= Beginning of Section =
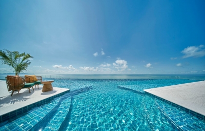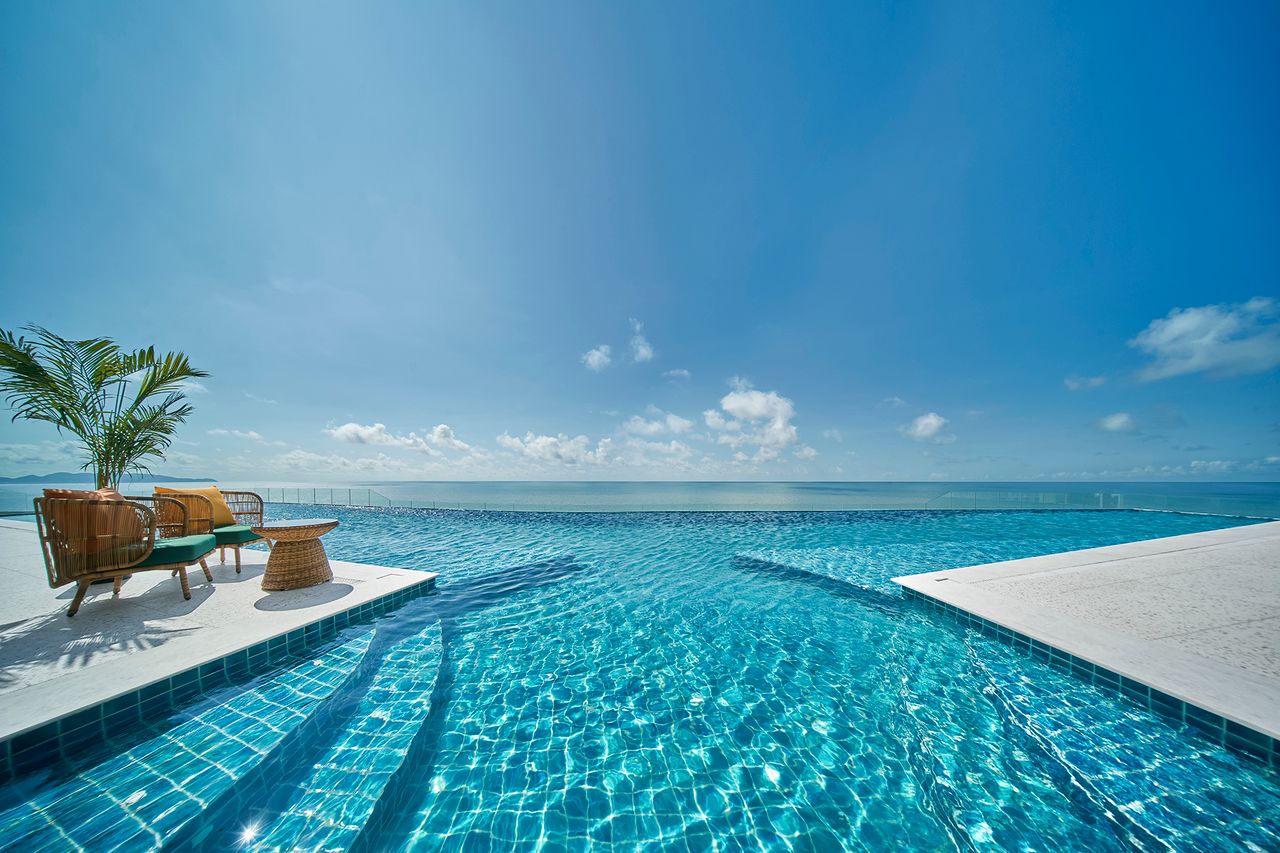 1/ Hồ bơi: Khách sạn có hồ bơi vô cực với kiến trúc hình vòng cung với tầm nhìn ra đại dương.
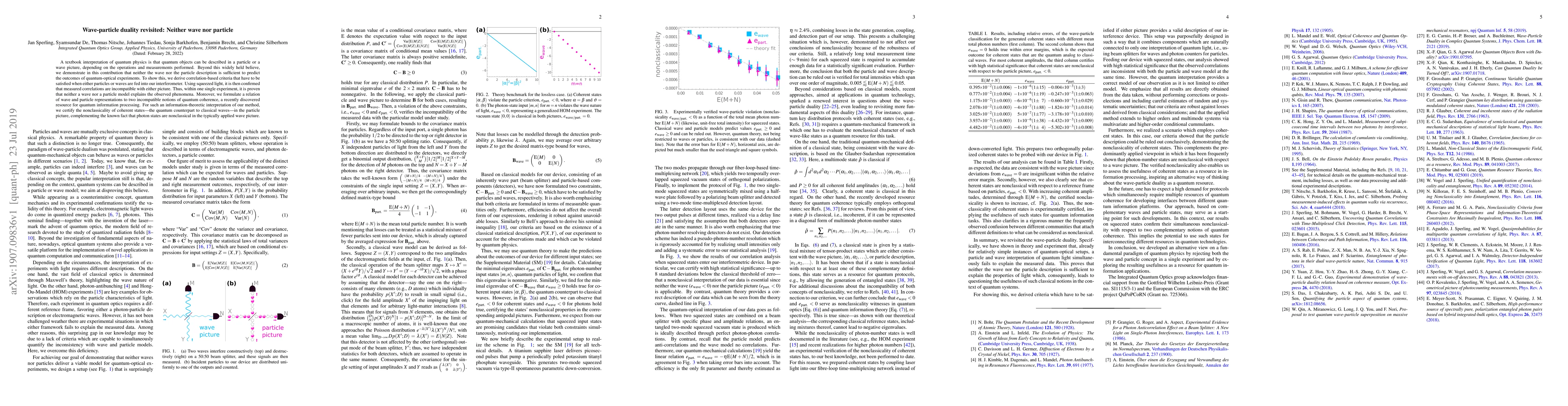 A textbook interpretation of quantum physics is that quantum objects can be described in a particle or a wave picture, depending on the operations and measurements performed. Beyond this widely held believe, we demonstrate in this contribution that neither the wave nor the particle description is sufficient to predict the outcomes of quantum-optical experiments. To show this, we derive correlation-based criteria that have to be satisfied when either particles or waves are fed into our interferometer. Using squeezed light, it is then confirmed that measured correlations are incompatible with either picture. Thus, within one single experiment, it is proven that neither a wave nor a particle model explains the observed phenomena. Moreover, we formulate a relation of wave and particle representations to two incompatible notions of quantum coherence, a recently discovered resource for quantum information processing.For such an information-theoretic interpretation of our method, we certify the nonclassicality of coherent states - the quantum counterpart to classical waves - in the particle picture, complementing the known fact that photon states are nonclassical in the typically applied wave picture.
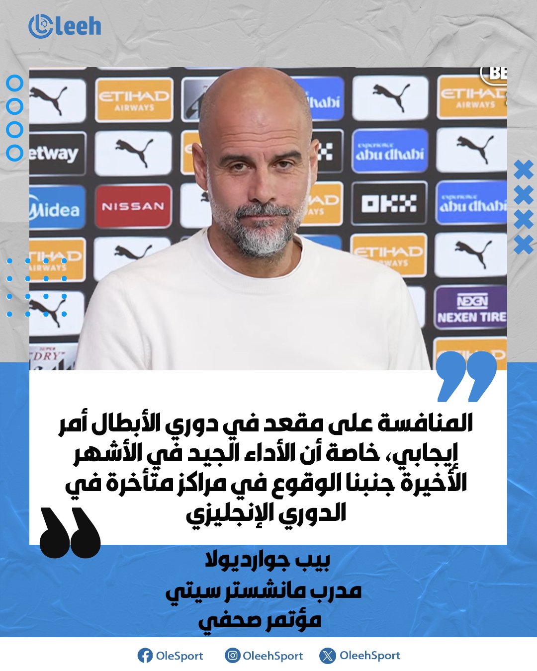 بيب غوارديولا من المؤتمر الصحفي: "السعي للتأهل إلى دوري الأبطال يُعد إنجازاً، وذلك بعد الأداء القوي في الأشهر الماضية حال دون تراجعنا إلى مراكز متدنية في البريميرليج"
= End of Section =
[What the task requires] Before you finish, make sure every line above has been repeated exactly and no picture remains in the copy.

[Expected answer]
 1/ Hồ bơi: Khách sạn có hồ bơi vô cực với kiến trúc hình vòng cung với tầm nhìn ra đại dương.
 A textbook interpretation of quantum physics is that quantum objects can be described in a particle or a wave picture, depending on the operations and measurements performed. Beyond this widely held believe, we demonstrate in this contribution that neither the wave nor the particle description is sufficient to predict the outcomes of quantum-optical experiments. To show this, we derive correlation-based criteria that have to be satisfied when either particles or waves are fed into our interferometer. Using squeezed light, it is then confirmed that measured correlations are incompatible with either picture. Thus, within one single experiment, it is proven that neither a wave nor a particle model explains the observed phenomena. Moreover, we formulate a relation of wave and particle representations to two incompatible notions of quantum coherence, a recently discovered resource for quantum information processing.For such an information-theoretic interpretation of our method, we certify the nonclassicality of coherent states - the quantum counterpart to classical waves - in the particle picture, complementing the known fact that photon states are nonclassical in the typically applied wave picture.
 بيب غوارديولا من المؤتمر الصحفي: "السعي للتأهل إلى دوري الأبطال يُعد إنجازاً، وذلك بعد الأداء القوي في الأشهر الماضية حال دون تراجعنا إلى مراكز متدنية في البريميرليج"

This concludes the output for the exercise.